Bismuth goes "radical" to mimic the behavior of transition metals
Mülheim scientists make great progress in the use of bismuth in catalysis
Scientists from Mülheim have found a new reactivity mode for bismuth compounds. They published their results with “Nature Chemistry”.
So-called “cross-coupling reactions" are one of the most important modern tools for making new bonds in synthetic organic chemistry. They are used as key step in the preparation of drugs. Traditionally, these cross-couplings have been conducted mainly with expensive or toxic transition metals as catalysts, such as palladium or nickel.
However, scientists at the Max Planck Institut für Kohlenforschung have now succeeded in mimicking the behavior of transition metals with a significantly cheaper element: bismuth. They have discovered the potential of this element to easily forge carbon-nitrogen bonds, one of the most used reactions in synthetic medicinal chemistry. The group has now published their results in the journal Nature Chemistry: “Bismuth radical catalysis in the activation and coupling of redox-active electrophiles”
This application is based on the discovery of a fundamentally new reactivity mode for bismuth compounds: a radical oxidative-addition reaction. In contrast to classical polar reactivity, radical reactions occur by transferring the electrons one-at-a-time. This makes the use of reagents possible that cannot be activated by classical two-electron mechanisms. The use of main-group elements for this type of processes had been hardly researched. However, the Mülheim researchers have now shown that a certain type of bismuth compound shows this radical behavior.

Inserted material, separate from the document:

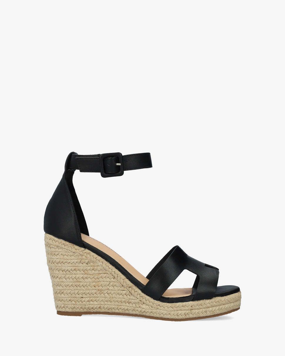 Sandále s uzavretou pätou na jutovej platforme a podpätku. Otvorená, zaoblená špička s dvoma prepletenými remienkam. Remienok okolo členka nastaviteľný pomocou pracky. Materiál koženka hladká a juta.

"For a long time, no one was really interested in the catalytic properties of bismuth," explains Mauro Mato, a chemist from Spain. He works as postdoctoral researcher in Josep Cornellà's group and is the first author of the Nature Chemistry paper. This work shows how the discovery of a fundamentally new reactivity mode for bismuth, he says, can enable the development of new reactions with potential applications in the chemical industry, for example, in the synthesis of active ingredients for drugs.